Many of us – myself included – would be happy, delighted even, for our health data to be used for the benefit of public health and better knowledge and understanding, but far less happy for our data to be used primarily to increase the profits of Big Pharma and the insurance industry, with no real benefit for the rest of us at all. The latest leak seems to suggest that this is a distinct possibility.

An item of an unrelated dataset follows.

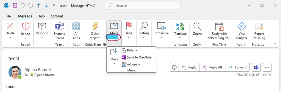 - Click on Move in the ribbon menu
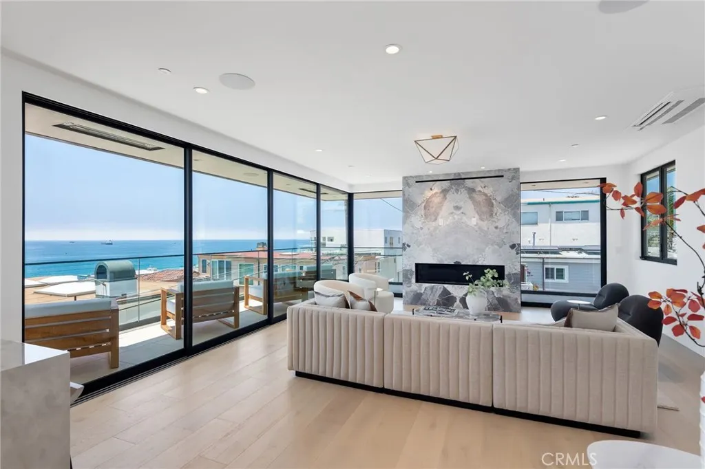 Introducing an unparalleled coastal masterpiece where modern elegance meets breathtaking ocean and whitewater vistas that must be seen to be believed. Situated on a prime corner lot with 4322sf of living space, this newly constructed residence seamlessly blends indoor and outdoor living spaces for ultimate Southern California luxury. Almost all of the 84 ocean-facing feet of the upper level are framed by Fleetwood doors and windows which truly capture the stunning panoramic ocean views from Palos Verdes and Catalina Island all the way to Malibu. This is by far one of the finest homes built in Manhattan Beach! The gourmet kitchen, equipped with state-of-the-art appliances and white oak cabinetry, flows effortlessly into the spacious living and dining areas, making it perfect for both intimate gatherings and grand entertaining. The primary suite serves as a spa-like sanctuary, featuring a steam shower, Venetian plaster walls, two-sided fireplace, and a generous walk-in closet. Additional four junior suites are masterfully designed, each with en-suite bathrooms and ample closet space. The expansive decks provide a serene setting for sunset views over the ocean, while the outdoor living area on the walkstreet offers ultimate relaxation and entertainment. Situated just steps from the beach, this property provides convenient access to upscale dining, boutique shopping, and top-rated schools. The corner location of this home allows for the key advantages of capturing up to 2 extra feet of width for the home, much more natural light, and much better views.

The second factor here, and one that seems to be missed (either deliberately or through naïveté) is the number of other, less obvious and potentially far less desirable uses that this kind of data can be put to. Things like raising insurance premiums or health-care costs for those with particular conditions, as demonstrated by the most recent story, are potentially deeply damaging – but they are only the start of the possibilities. Health data can also be used to establish credit ratings, by potential employers, and other related areas – and without any transparency or hope of appeal, as such things may well be calculated by algorithm, with the algorithms protected as trade secrets, and the decisions made automatically. For some particularly vulnerable groups this could be absolutely critical – people with HIV, for example, who might face all kinds of discrimination. Or, to pick a seemingly less extreme and far more numerous group, people with mental health issues. Algorithms could be set up to find anyone with any kind of history of mental health issues – prescriptions for anti-depressants, for example – and filter them out of job applicants, seeing them as potential ‘trouble’. Discriminatory? Absolutely. Illegal? Absolutely. Impossible? Absolutely not – and the experience over recent years of the use of black-lists for people connected with union activity (see for example here) shows that unscrupulous employers might well not just use but encourage the kind of filtering that would ensure that anyone seen as ‘risky’ was avoided. In a climate where there are many more applicants than places for any job, discovering that you have been discriminated against is very, very hard.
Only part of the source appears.